I woke up in the white void again. Professor Oak was staring out at seemingly nothing. “That was a choice. One I can't say I didn’t expect, but certainly one I hoped you wouldn’t make.”

“I-” I was dumbstruck. I sat alone on the floor of his void. “Who are you?”

“I told you once. I’m Samuel Oak. I am a pokemon proff-”

“Who are you really?” I asked.

“Samuel Oak.” he repeated, still staring off into space. His back to me.

“No, you can’t be.” I said. None of this made sense. None of it made any sense.

“Sure it can,” he smirked. “Anything’s possible.”

“Not this.”

“How can you know?”

“I- I guess I can’t” I was scared. Confused. “Why am I here?”

“You’ve been making some interesting choices, Erick.” Oak said, a frown beginning to form beneath his unfocused eyes.

“Well, what would you have me do?” I was angry now. “Put my mom in danger?

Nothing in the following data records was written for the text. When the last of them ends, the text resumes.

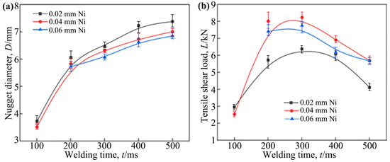 The effect of the welding time on the nugget diameter and tensile shear load of the Ti/steel joint: (a) nugget diameter; (b) tensile shear load.
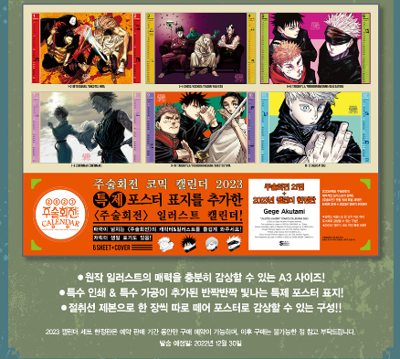 #주술회전 21 + 2023 캘린더 한정판 [ 한정부록:본권+2023 캘린더+캐릭터 일러스트카드+후시구로 메구미 포토카드+트럼프 카드 4종 ]
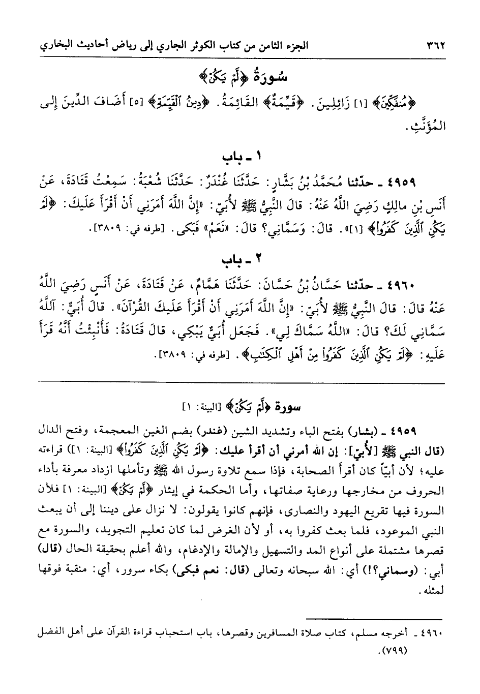 4959 - (بشار) بفتح الباء وتشديد الشين (فندر) بضم الغين المعجمة، وفتح الدال (قال النبي - صلى الله عليه وسلم -[لأبيّ]: إن الله أمرني أن أقرأ عليك: {لَمْ يَكُنِ الَّذِينَ كَفَرُوا} [البينة:1] قراءته عليه؛ لأن أبيًّا كان أقرأ الصحابة، فإذا سمع تلاوة رسول الله - صلى الله عليه وسلم - وتأملها ازداد معرفة بأداء الحروف من مخارجها ورعاية صفاتها، وأما الحكمة في إيثار {لمْ يَكُنِ} [البينة: 1] فلأن السورة فيها تقريع اليهود والنصارى، فإنهم كانوا يقولون: لا نزال على ديننا إلى أن يبعث النبي الموعود، فلما بعث كفروا به، أو لأن الغرض لما كان تعليم التجويد، والسورة مع قصرها مشتملة على أنواع المد والتسهيل والإمالة والإدغام، والله أعلم بحقيقة الحال (قال) أبي: (وسماني؟!) أي: الله سبحانه وتعالى (قال: نعم فبكى) بكاء سرور، أي: منقبة فوقها لمثله.
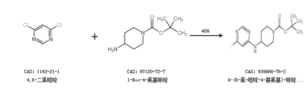 1.通过4,6-二氯嘧啶和1-Boc-4-氨基哌啶合成4-(6-氯-嘧啶-4-基氨基)-哌啶-1-羧酸叔丁酯,收率约40%;
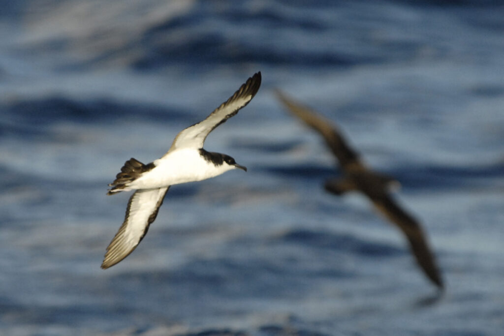 Newell’s Shearwater low over the water. They are seen flying with Wedgetail Shearwaters occasionally. There are few of them and hard to see among the Wedgetails. Kauai 2009
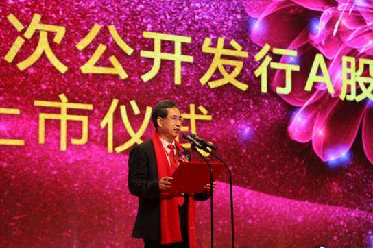 ▲周大生董事长周宗文在股票上市仪式上致辞

Put myself in danger? You think I want this? I want to go home and cook! I want to keep Valentine safe!”

“Unfortunately Erick.” Oak said softly. “You don’t have that choice.”

“I-” I stopped “What?”

“You will never go back home, and you will never be able to be just a cook.”

“You’re not even real.”

“It’s your destiny! Your purp-”
“Y'know what?” I interrupted him “Destiny is a load of bullshit. I don’t want to do… whatever it is you want me to do.”

Oak just laughed.

“You’re funny Erick. I’ll give you that.”

“What even is this destiny of mine?”

Oak paused for a moment. “You, Erick, are destined to meet a god, and then…” He paused again. “And then fulfill your destiny”

“That was super vague.” I rolled my eyes. “But normally, chosen one stuff is. It’s such an overused piece of nonsen-”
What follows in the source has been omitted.